## The task
Take the lines from the head of the listing through the one bearing "パッケージ:ウイッグ+ピンク" and copy them exactly, leaving every picture out.

## Information given
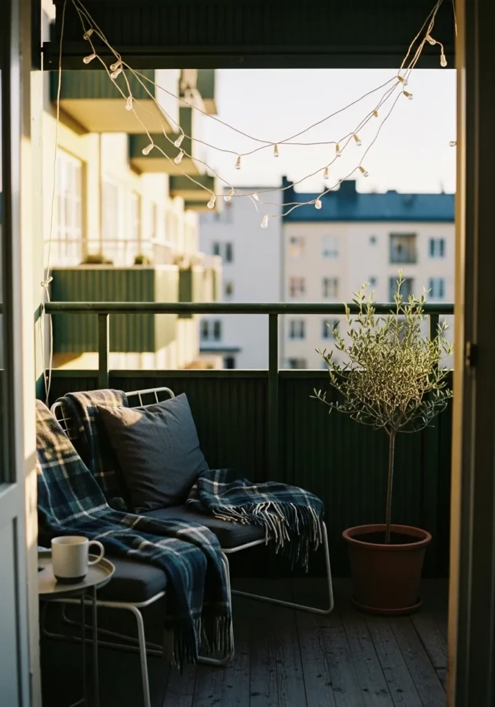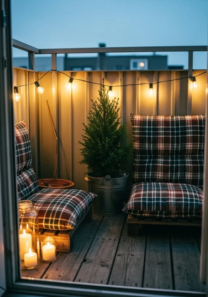 Here’s a perfect example of how a tiny balcony can become your favorite winter nook. A couple of string lights overhead, a cozy plaid throw, and some soft pillows instantly transform this space into a holiday hideaway. The potted plant adds a fresh touch of green that feels festive without any effort. Even better, the natural light bouncing off the buildings gives it that dreamy golden-hour glow.
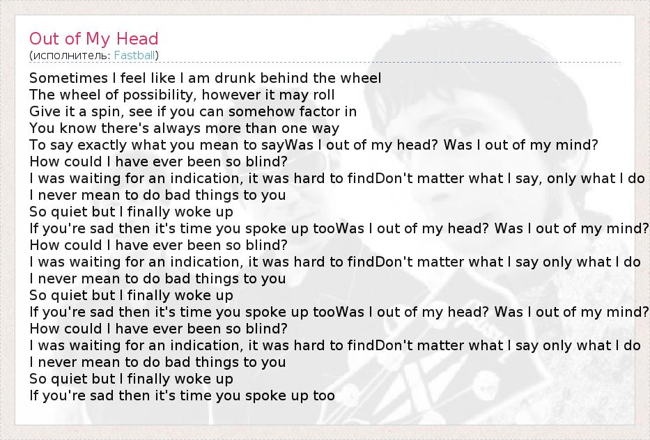 А как ты думаешь, о чем песня "Out of My Head" ?
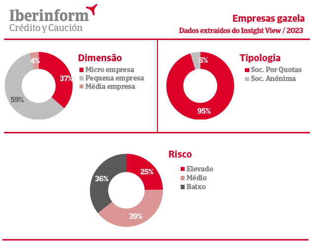 O rápido crescimento destas empresas nem sempre é sinónimo de saúde financeira. Segundo a análise da Iberinform, 25% das empresas gazelas apresentam risco elevado de incumprimento, 39% apresentam risco médio e 36% risco baixo. A maioria das empresas gazelas foi criada com a forma jurídica de sociedade limitada (95%), o que exige uma contribuição de capital inicial menor. Apenas 0,2% atingiram o porte de uma grande empresa, embora 59% mantenham o porte de uma pequena empresa e 37% são médias empresas. As empresas gazela no seu todo empregam perto de 40 mil empregados. No último exercício de 2022, obtiveram um volume de negócios agregado de 2.546 milhões de euros, mais 41% do que no ano anterior. Estas empresas apresentaram uma autonomia financeira de 8,25%.
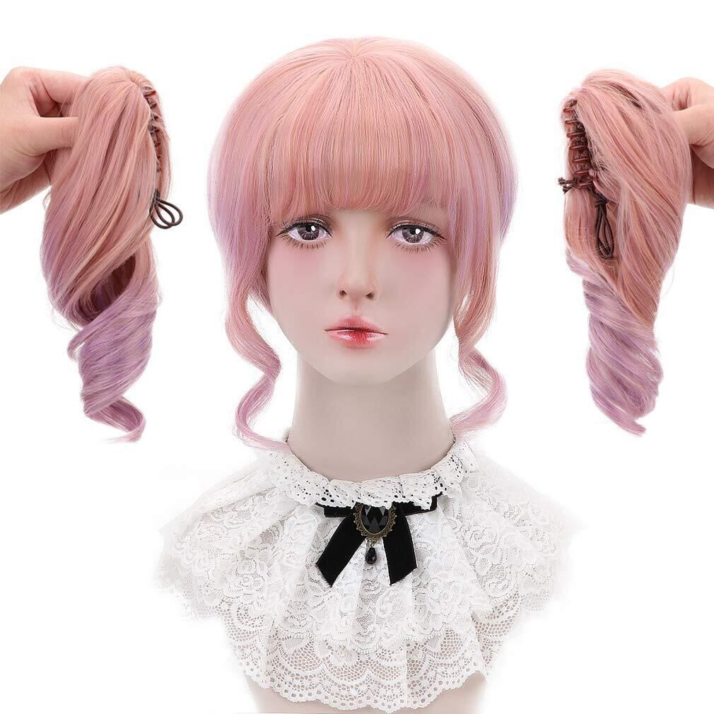 パッケージ:ウイッグ+ピンクポニーテール+パープルポニーテールのセット販売。ウイッグはショートボブスタイルで、ウイッグだけ着用しても可愛いです。ポニーテールをつけたらまた別のスタイルに変わります。
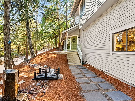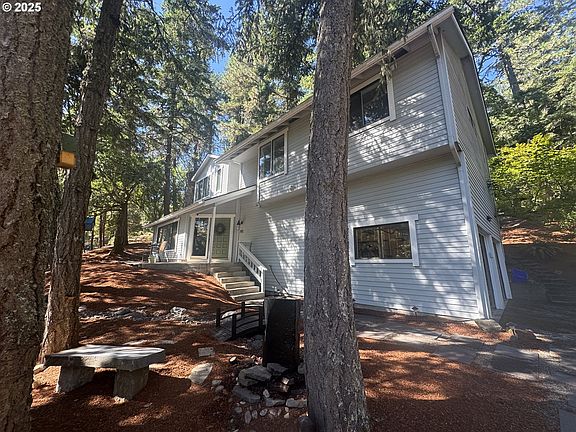 Tucked into the trees of Southeast Eugene, this updated home beautifully blends modern design with the peaceful feel of nature. From the moment you arrive, you’ll notice thoughtful touches—like the welcoming front entry with stone path and water feature—that set the tone for this inviting property. Inside, the home is light-filled and stylish, featuring vaulted ceilings, fresh finishes, and an open-concept layout perfect for both entertaining and everyday living. The living room’s large windows bring the outdoors in, while the modern kitchen boasts sleek countertops, stainless appliances, and clean white cabinetry. Retreat to the spacious primary suite with its own private bath, walk-in closet, and a tucked-away desk area framed by windows overlooking the trees. Additional bedrooms are well-sized with fresh paint and fixtures.Need flexible space? This home has it covered—with a cozy den accented by wood panel detailing and a huge garage with high ceilings, a workshop area, and storage galore. Step outside onto the elevated deck to enjoy your morning coffee among the trees, or gather in the landscaped front yard where stone paths, a water feature, and seating areas create a serene outdoor escape.
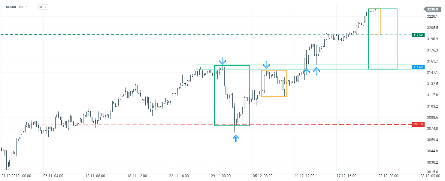 Bullish trend on the US stock market continues. US500 is reaching fresh all time highs each day and today is no different. Should a bearish signal surface, traders could expect a downward correction to occur. In such a scenario, the nearest support can be found at 3197 pts handle, where lies the lower limit of local 1:1 structure. In case the move is not stopped there, the next place to watch is the area around the 3155 pts handle. This level is marked with the lower limit of Overbalance pattern (the biggest correction in the whole upward move started at the beginning of October) andrecent price reactions. Breaking below this hurdle could hint at trend reversal.
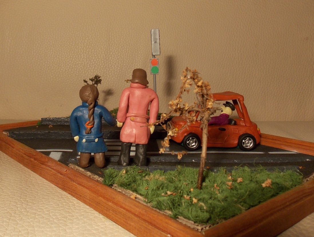 Понятно, что это не модель, но всё же решил выложить в "Песочницу". Может,кто-то увидев, улыбнется-тоже результат. В общем, сына-первоклашку в школе озадачили изготовить поделку на тему "Светофор-друг человека". Над названием, похоже, долго не думали. Я тоже решил не сильно напрягать фантазию, сделали примерно так,как делали пару лет назад для детского сада (http://karopka.ru/community/user/7876/?MODEL=291285 ). В общем, асфальт- наждачная бумага, фигуры и машина-пластилин, бордюры (или поребрики?) -пенопласт окрашенный, древесно-кустарная растительность-корни растений, березовые сережки.
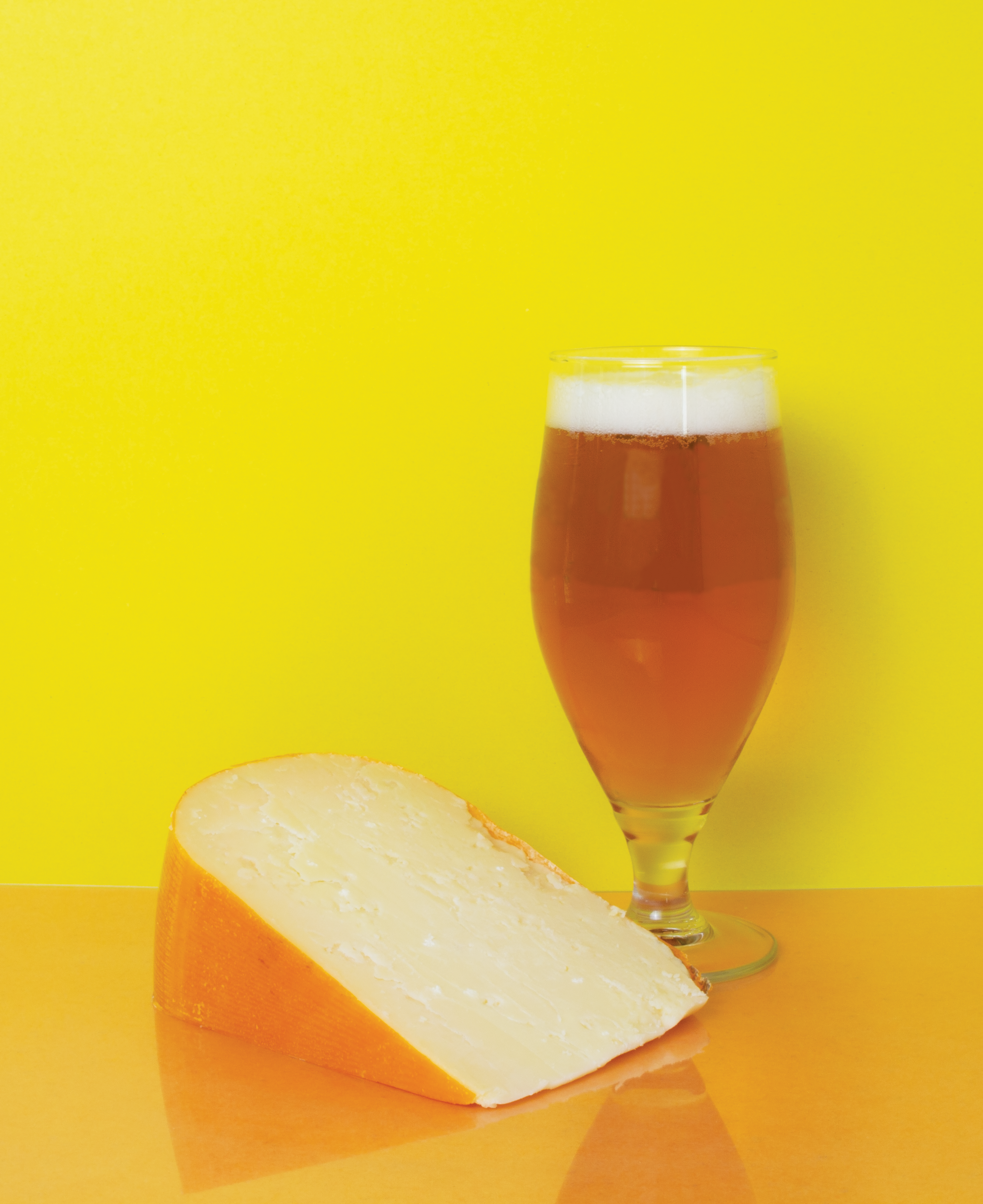 The only Belgian cheese with protected status, this little cow’s milk square is small in size but mighty in flavor. Similar to Limburger, its beer-washed rind gives way to a straw-colored interior that’s buttery and becomes increasingly runnier with age. The rind exudes a pungent aroma, but it’s a bit of a red herring for the semi-firm paste, which is relatively mild with lightly sweet and somewhat fruity aromas. Traditionally, Herve du Vieux Moulin is enjoyed on rye bread with a cup of coffee on the side. Up the ante by pairing with a Belgian beer, pickled veggies, and crusty bread. MT
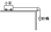 3、填空题 (6分)如图所示,水平桌面上有一小车,装有砂的砂桶通过细绳给小车施加一水平拉力,小车从静止开始做直线运动。保持小车的质量M不变,第一次实验中小车在质量为m1的砂和砂桶带动下由静止前进了一段距离s;第二次实验中小车在质量为m2的砂和砂桶带动下由静止前进了相同的距离s,其中m1<m2<M。两次实验中,绳对小车的拉力分别为T1和T2,小车、砂和砂桶系统的机械能变化量分别为ΔE1和ΔE2,若摩擦阻力的大小保持不变,不计绳、滑轮的质量及空气阻力,则ΔE1/ΔE2= ,T1 /T2= 。
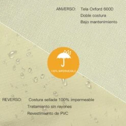 ¿Quieres alargar la vida de tu mobiliario exterior? Protégelo de las inclemencias del tiempo con esta funda para muebles. Fabricada con tela Oxford de alta calidad, esta cubierta es resistente a la decoloración, desgarros y al moho. El tejido está recubierto con PVC de modo que ofrece mayor resistencia al agua, la nieve y el polvo y por tanto, una mayor protección de tus objetos. Su diseño en color beige es muy elegante y combinará perfectamente con el resto de mobiliario. Es fácil de limpiar con un paño húmedo. ¡Es la solución ideal para cubrir los muebles de terraza!
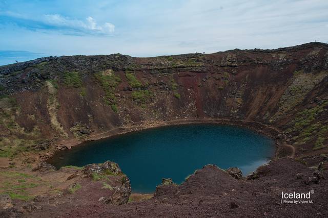 首先经过一个火山坑,叫Kerið Crater,有3000年的历史,55米深,环绕火山口有步道,风大到不行,我和F先森属于典型的到此一游,摁了张照片就掉头撤了,大风之下摇摇晃晃的。
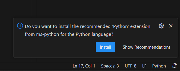 우리는 파이썬으로 ChatGPT와 대화하는 모바일 앱을 만들어 볼 것이기 때문에 /projects/python/main.py 파일을 열어보자. 그러면 오른쪽 하단에 아래와 같은 팝업이 뜨는데 Install을 눌러주면 자동으로 파이썬을 설치해준다.
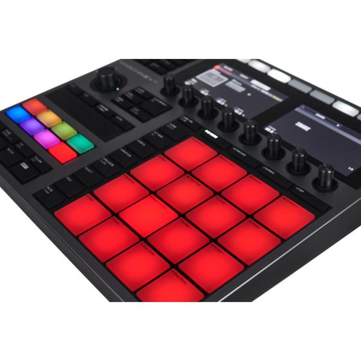 • Efeitos e plug-ins Maschine, swing, ligação de pads, repetição de notas, sequenciador de passos e emulação de sampler vintage ;
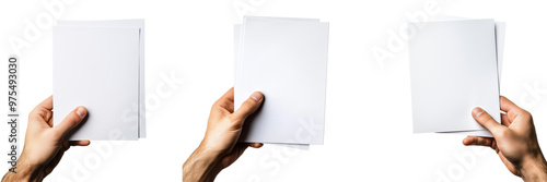 set of A hand holding a blank sheet of paper, isolated against on a transparent background
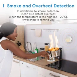 Il rilevatore di fumo smart GS559AHK è un dispositivo capace ad aumentare il livello di sicurezza della tua abitazione. È adatto sia ad abitazioni private che a camere di hotel, negozi. etc. È capace di rilevare sia fumo che surriscaldamento nella stanza emettendo un segnale acustico ogni volta che la temperatura va oltre ai 55-70°C.
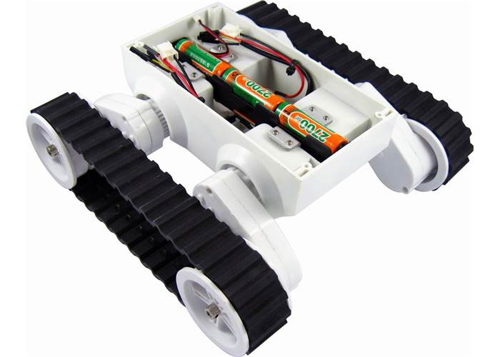 The strongly made Rover 5 tracked chassis from Dagu Electronics is an excellent base for tank style robots. A unique design allows the tread height to be adjusted for extra clearance. Independant motors for each wheel include quadrature encoders for precise control. This version has 4 motors with encoders - one motor per wheel.
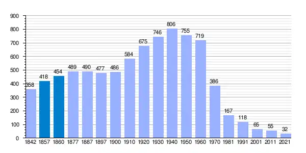 A mediados del siglo XIX, concretamente en 1857 , el municipio contaba con una población de 418 hab. En 1877 ascendió a 475 hab, en 1897 el municipio cierra el siglo con 476 habitantes.
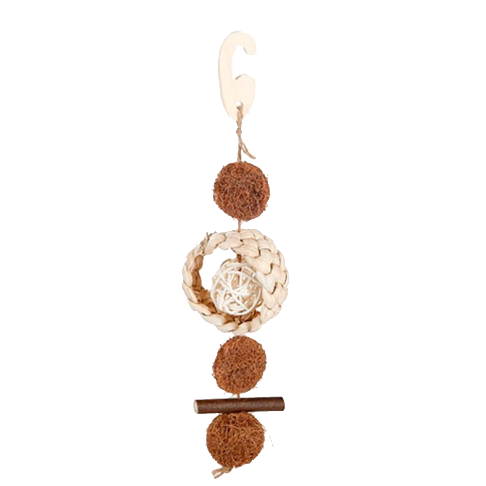 Brinquedo pendurado para animais com bolas de fibra natural, aro trançado e bastão de madeira
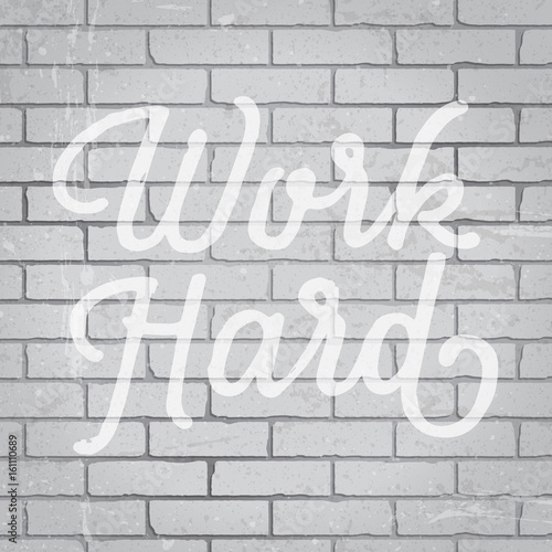 Hand drawn lettering slogan on brick wall background
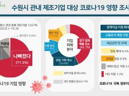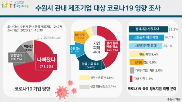 수원시가 지난 9월 1일부터 10월 31일까지 관내 등록 제조기업 1247개사(2020년 7월 31일 기준)를 대상으로 ‘코로나19 발생·장기화에 따른 영향’을 조사한 결과, 전체 기업의 71.3%가 “경영상황이 나빠졌다”고 답했다. ‘별 영향 없다’는 18.1%였고, ‘좋아졌다’는 기업은 0.96%에 불과했다(미응답 9.6%).
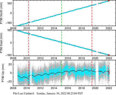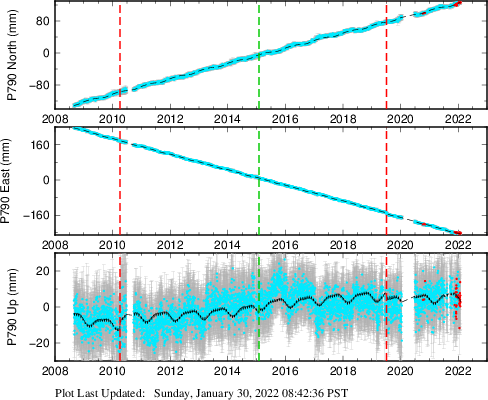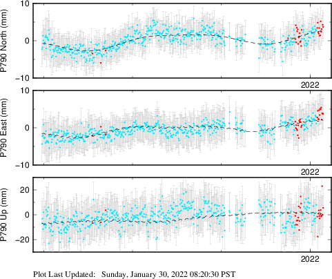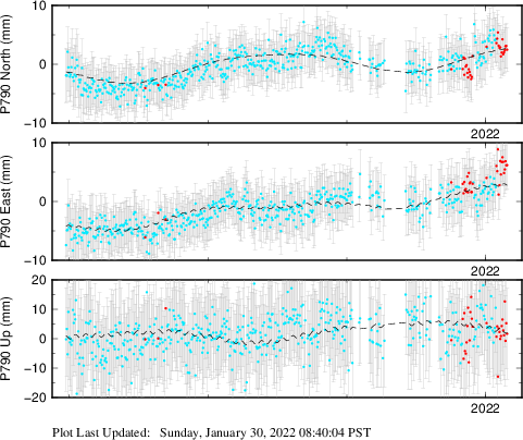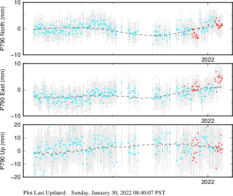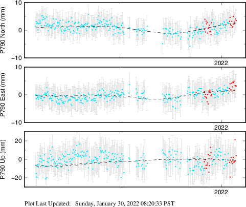 These results are preliminary. The station positions are unchecked and should not be used for any engineering applications. There may be errors in the antenna heights. The velocities are very dependent on the length of the span of observations. The presence of outliers (errant observations) sometimes contaminates the velocities.
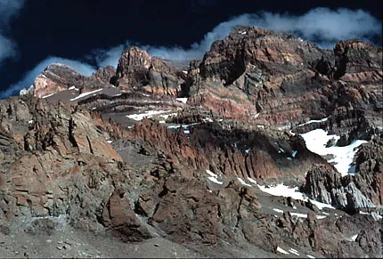 Aconcaguas nordtopp, centraltopp och sydtopp (från vänster). Taget från Camp Canada 4900möh. Denna sida av berget är nästan snöfri pga blåsten. I coloiren till höger går en fin alternativ led till normalleden, Cara Oeste
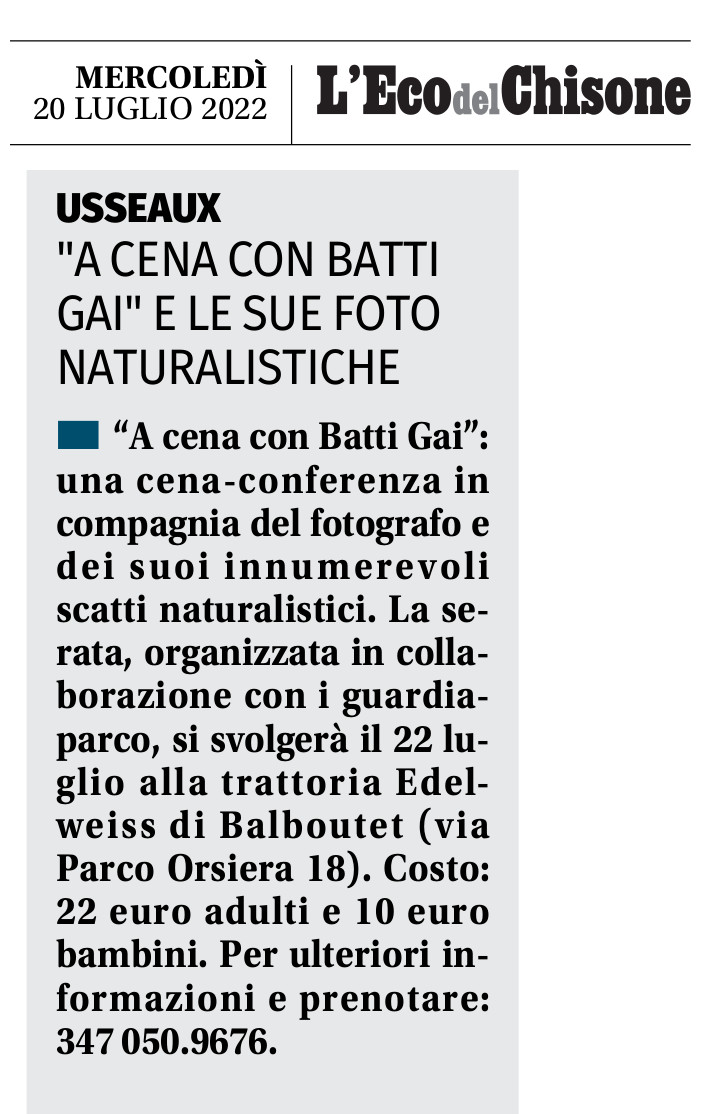 "A cena con Batti Gai" e le sue foto naturalistiche
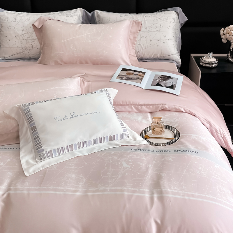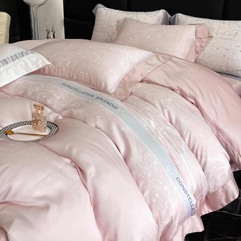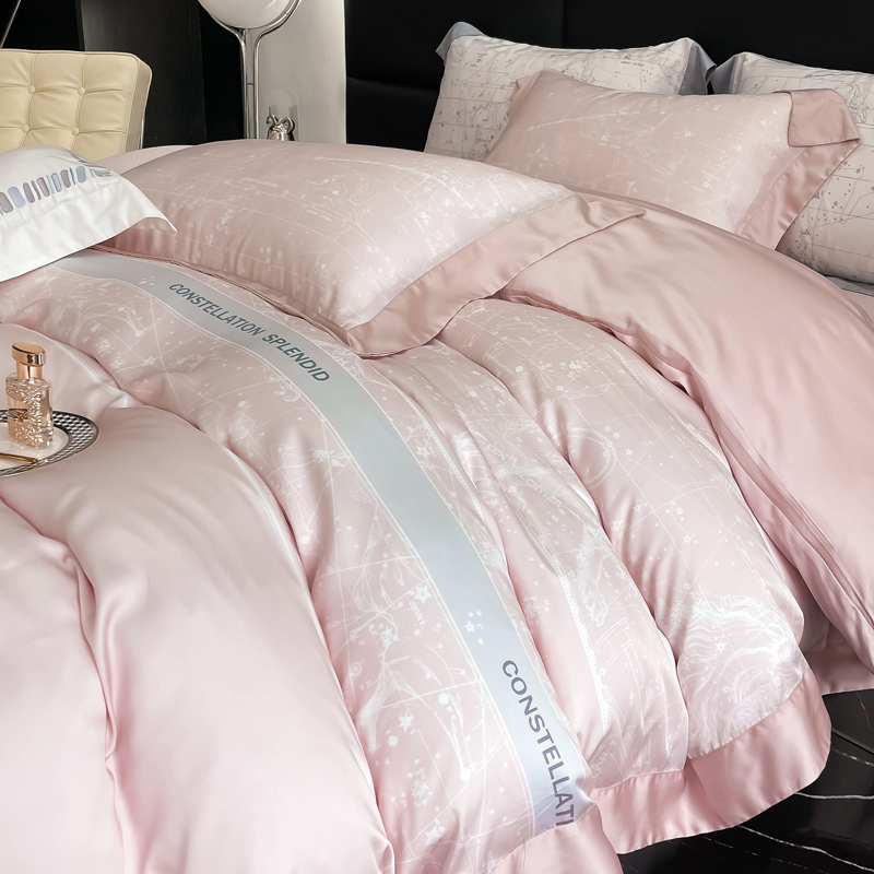 若未家居2025新款50支兰精天丝轻奢风数码印花套件 狮子座 狮子座 浅粉

## Written reply
 Here’s a perfect example of how a tiny balcony can become your favorite winter nook. A couple of string lights overhead, a cozy plaid throw, and some soft pillows instantly transform this space into a holiday hideaway. The potted plant adds a fresh touch of green that feels festive without any effort. Even better, the natural light bouncing off the buildings gives it that dreamy golden-hour glow.
 А как ты думаешь, о чем песня "Out of My Head" ?
 O rápido crescimento destas empresas nem sempre é sinónimo de saúde financeira. Segundo a análise da Iberinform, 25% das empresas gazelas apresentam risco elevado de incumprimento, 39% apresentam risco médio e 36% risco baixo. A maioria das empresas gazelas foi criada com a forma jurídica de sociedade limitada (95%), o que exige uma contribuição de capital inicial menor. Apenas 0,2% atingiram o porte de uma grande empresa, embora 59% mantenham o porte de uma pequena empresa e 37% são médias empresas. As empresas gazela no seu todo empregam perto de 40 mil empregados. No último exercício de 2022, obtiveram um volume de negócios agregado de 2.546 milhões de euros, mais 41% do que no ano anterior. Estas empresas apresentaram uma autonomia financeira de 8,25%.
 パッケージ:ウイッグ+ピンクポニーテール+パープルポニーテールのセット販売。ウイッグはショートボブスタイルで、ウイッグだけ着用しても可愛いです。ポニーテールをつけたらまた別のスタイルに変わります。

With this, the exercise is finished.